Я вспомнил картотеку, поспешил изменить тему. Виктор Горт, перехватив мой озабоченный взгляд, брошенный на них, еле заметно кивнул и щелкнул затвором. «Жертвой» стал Сол Рустинг. Мы уже привыкли к этому. За мной голограф охотился особенно упорно. Однажды я достаточно резко указал ему на это. Он внимательно на меня посмотрел:

— Понимаю, это не может не раздражать. Но, поверьте, я и сам не рад. Только иначе у меня ничего не выйдет. Словом, я против этого бессилен.

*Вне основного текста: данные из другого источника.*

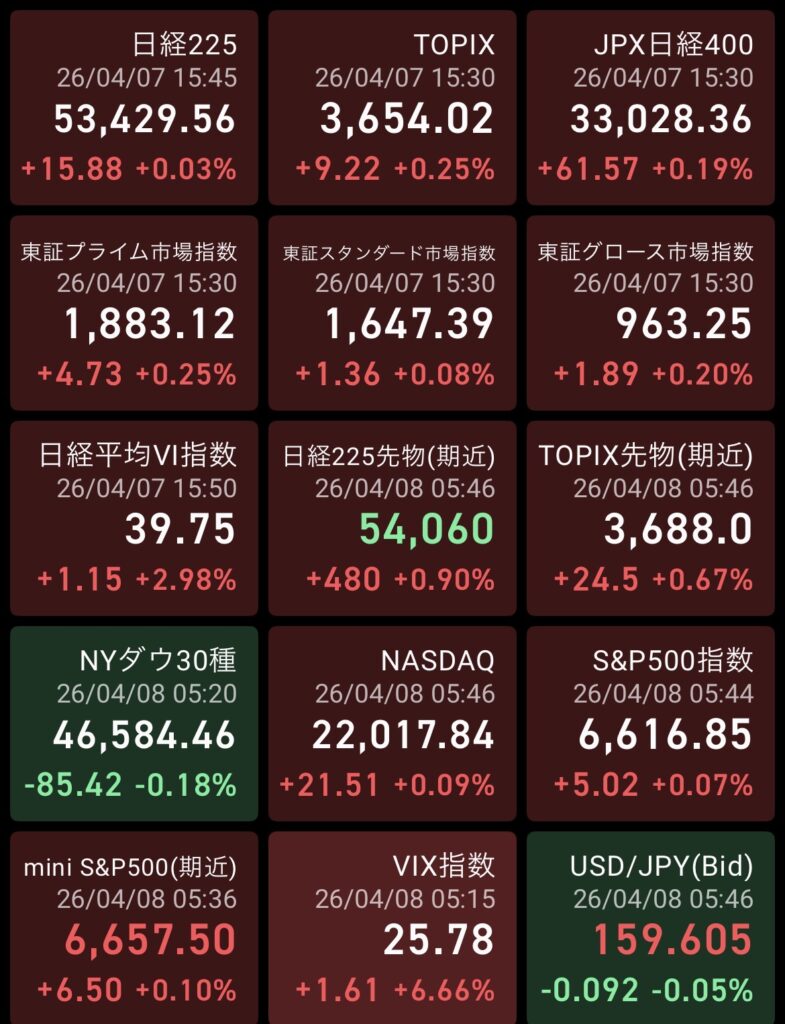 この一報を受け、足元で高止まりしていた米WTI原油先物は1バレル=99ドル台まで急落。インフレ懸念と企業業績への悪影響という重石が一旦取り払われたことで、日経225先物(期近)は54,060円(+480円)と大幅な上昇を見せている。

Нечем было возразить. Наверное, подумал я, таково одно из главных свойств Художника: он не может не делать того, что делает. Даже тогда, когда ему самому от этого больно.

Но Кору Ирви голограф не снял ни разу. Только я поздно это заметил, а потому и поздно оценил.

В тот день я повел пассажиров «Эфемериды» в экскурсию по кораблю. Больше всех на такой экскурсия настаивал Тингли Челл. В его натуре была ненасытная жадность к новым впечатлениям — свойство, обычно мне импонирующее; но в нем это меня раздражало. Я не мог избавиться от ощущения, что в любознательности Практиканта присутствует какая-то корыстность, он напоминал мне охотника, для которого природа не объект восхищения, а средство наживы… И все-таки Тингли мы остались обязаны тем, что, когда раздался сигнал тревоги, все шестеро находились в единственном месте, где могли спастись, — во вспомогательной ракете. Следовательно, в определенной мере обязаны жизнью.

Вот как все произошло.

Мы собрались вместе, и только Виктор Горт остался снаружи. Он стоял у самого входа в ракету, молчаливый, сосредоточенный, голова почти вровень с нижним краем поднятой двери-заслонки. Голограф вел ставшую уже привычной охоту за нами, подстерегая то единственное, неповторимое мгновение, которое стоило остановить, запечатлеть навсегда. Впервые я вдруг представил изнурительное постоянство груза, давящего на Художника, и почувствовал нечто вроде жалости к нему — жалости, смешанной с завистью, так как понимал: мне такого испытать не дано.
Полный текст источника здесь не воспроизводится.